Теперь капли смолы летели на меня дождем.

“Лакей мирового империализма…”

“Да, типичный лакей и ревизионист. Недавно мешок помады прислал. Я теткам раздала…”

Мы озверело целовались.

Внезапно я потерял ее губы.

“..зачем ты меня превращаешь в животное, зачем, ну скажи, зачем ты превращаешь меня в животное, в животное, зачем?..”

Слезы соленым молоком текли по ее щекам, губам, подбородку. Я тихонько слизывал их.

“Солнышко, я не превращаю тебя в животное”.

“Нет, превращаешь, зачем, зачем ты меня в животное, я не хочу животным…”
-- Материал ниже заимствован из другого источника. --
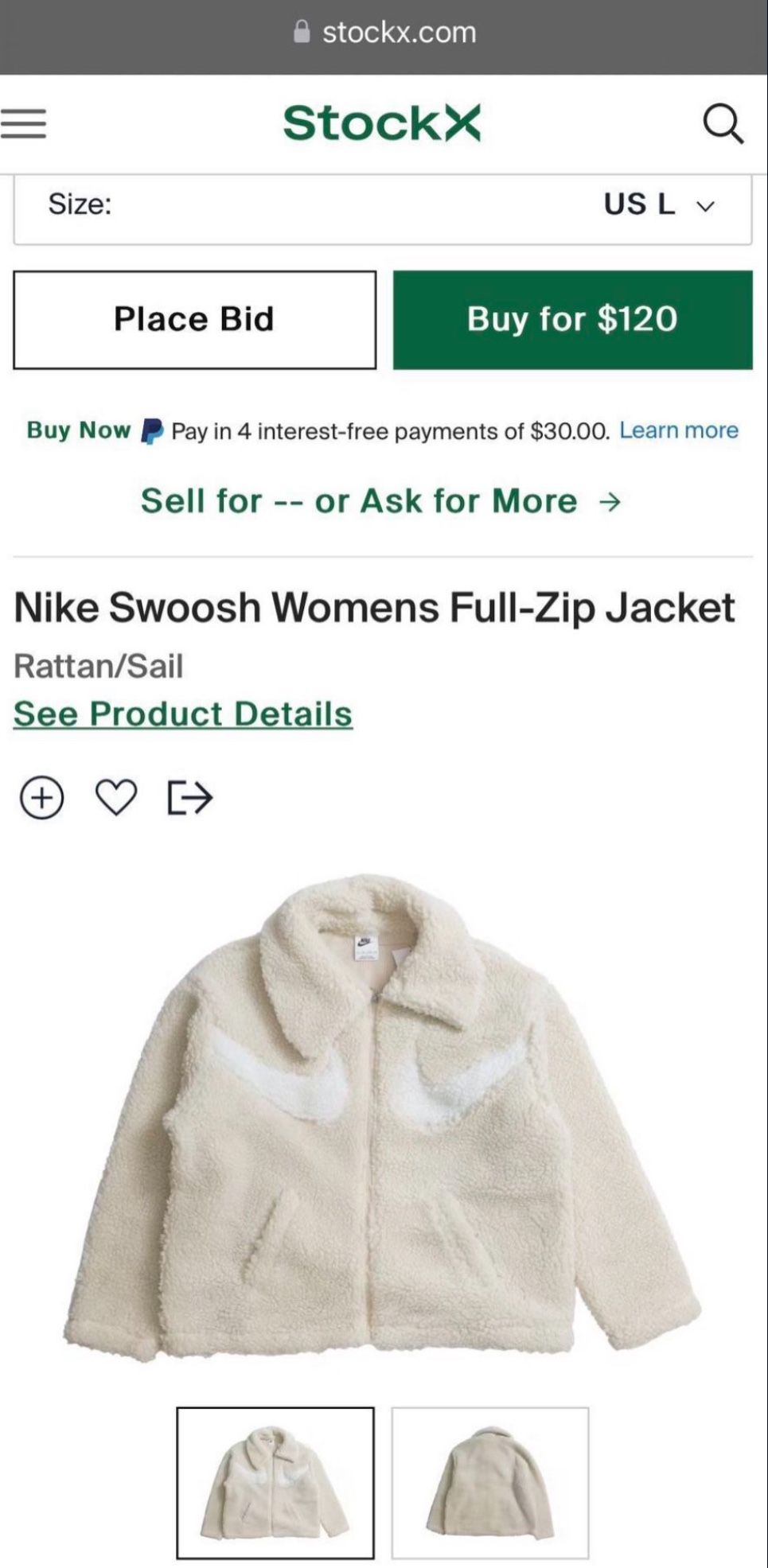 Nike Swoosh Women’s Sherpa Full Zip Jacket Sail Oversized fit Women’s Large — it can most likely fit a Men’s small/medium since it is an oversized fit

“А кем ты хочешь быть?” – крикнул я.

Эхо разносило мой крик по этажам.

Гуля замолчала. “Никем. Маленьким листиком. Маленьким-маленьким листиком”.

“Я буду твоим деревом”.

“Ты будешь костром, в котором я буду долго и добросовестно дымиться”.

Она еще рассказывала про свою семью, но я не запомнил.

Ночь закончилась снегом.

Я вышел из Гулиного подъезда и оказался среди беспокойного пространства. В воздухе трудились тысячи кристаллов.

По тротуару двигалась дворничиха. Она сметала снег и пыль в маленькие масонские пирамиды.

“Знаете, что я делал всю ночь? – спросил я вольную каменщицу листвы, снега и мусора. – Целовался в подъезде”.

“Одолжи, сколько не жалко”, – сказала дворничиха.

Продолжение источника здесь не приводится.